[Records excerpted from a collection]
○ ○ ○ ○ ○ ○ ○

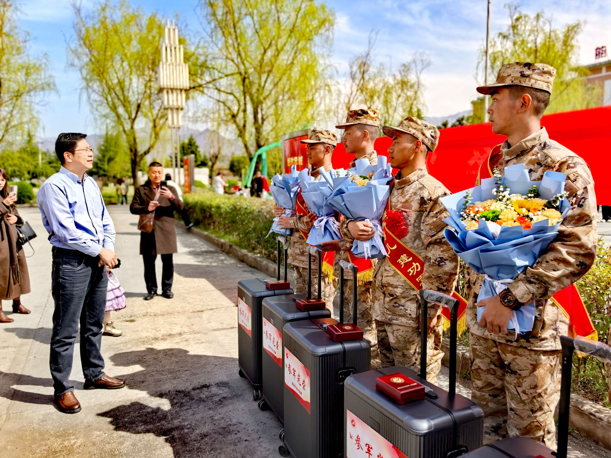 3月16日下午,雁塔區2025年上半年新兵入伍歡送大會在雁塔區新兵役前教育訓練基地隆重舉行。學生工作部部長、武裝部部長王亮,學生工作部副部長、武裝部副部長馬小剛,武裝部辦公室主任范俊鵬及部分輔導員代表出席活動,為6名通過嚴格選拔的入伍學子壯行。
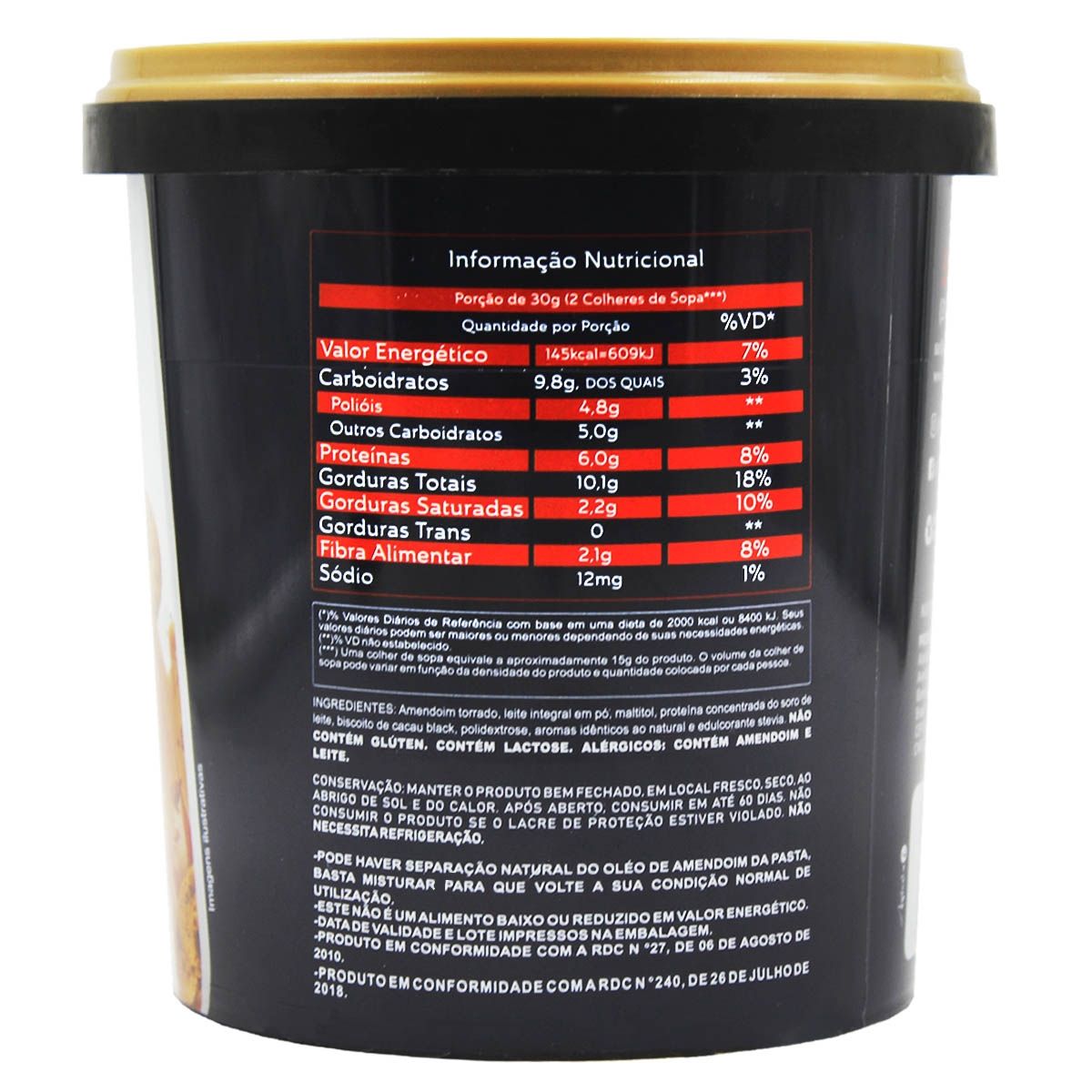 A pasta tem sabor Cookies e Cream, combinando a cremosidade da pasta de amendoim com a doçura de cookies de cacau. -
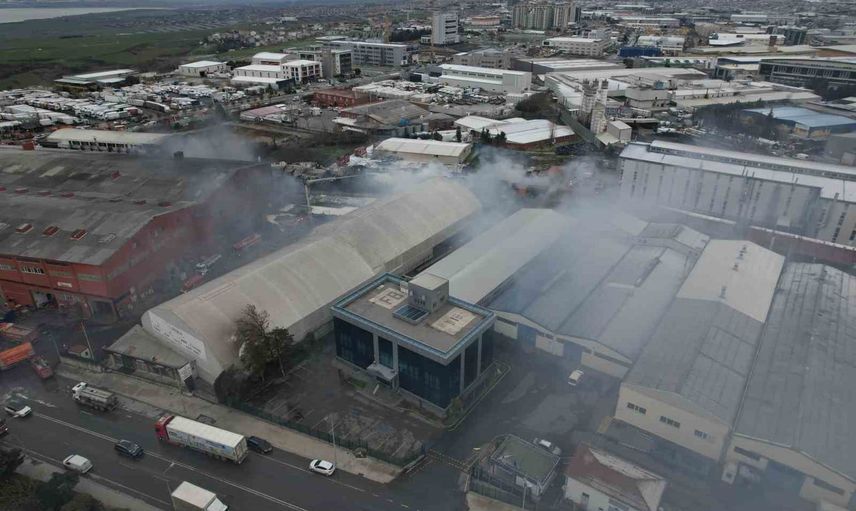 Esenyurt Osmangazi Hadımköy Yolu Caddesi'nde bulunan bir hırdavat fabrikasında gece saatlerinde başlayan yangın, gündüz saatlerinde de devam ediyor. Olay, bölgedeki yerleşim ve ulaşım üzerinde etkili olurken, ekiplerin müdahalesi havadan kaydedildi.
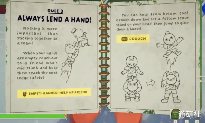但不同的是,它并没把趣味性梭哈在“失败时刻”上,玩家齐心协力下“莫名其妙的成功”,也是《PEAK》成功的一大原因。从上面这张主视觉图,你大概就能看出这款游戏有多强调互帮互助的概念。在刚刚进入游戏的新手教程里,“拉朋友一把”也是一个和攀爬、跳跃等常规动作放在一起的基础操作。
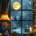 A cozy winter scene inside a room decorated for the holidays. A large window frames a snowy landscape with pine trees and a full moon, while a softly lit lamp and plants add warmth indoors.
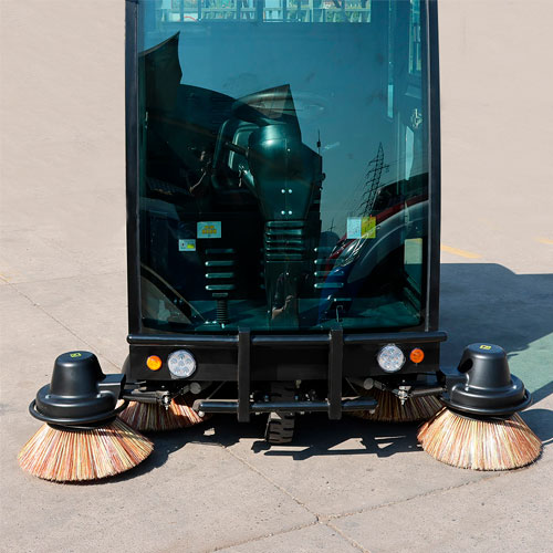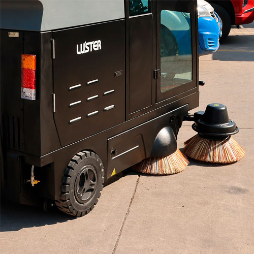 Barredora hombre a bordo a batería, esta máquina está diseñada para barrer pisos en áreas industriales y residenciales, calles de transeúntes, estacionamientos, plazas públicas, etc. Puede usarse para limpiar cáscaras de frutas, polvo, hojas, colillas de cigarrillos y otros desechos.

○ ○ ○ ○ ○ ○ ○

Problem to work on: The answer must be the lines above, word for word, from the first one through the line with "但不同的是,它并没把趣味性梭", pictures excluded.

Final answer:
 3月16日下午,雁塔區2025年上半年新兵入伍歡送大會在雁塔區新兵役前教育訓練基地隆重舉行。學生工作部部長、武裝部部長王亮,學生工作部副部長、武裝部副部長馬小剛,武裝部辦公室主任范俊鵬及部分輔導員代表出席活動,為6名通過嚴格選拔的入伍學子壯行。
 A pasta tem sabor Cookies e Cream, combinando a cremosidade da pasta de amendoim com a doçura de cookies de cacau. -
 Esenyurt Osmangazi Hadımköy Yolu Caddesi'nde bulunan bir hırdavat fabrikasında gece saatlerinde başlayan yangın, gündüz saatlerinde de devam ediyor. Olay, bölgedeki yerleşim ve ulaşım üzerinde etkili olurken, ekiplerin müdahalesi havadan kaydedildi.
但不同的是,它并没把趣味性梭哈在“失败时刻”上,玩家齐心协力下“莫名其妙的成功”,也是《PEAK》成功的一大原因。从上面这张主视觉图,你大概就能看出这款游戏有多强调互帮互助的概念。在刚刚进入游戏的新手教程里,“拉朋友一把”也是一个和攀爬、跳跃等常规动作放在一起的基础操作。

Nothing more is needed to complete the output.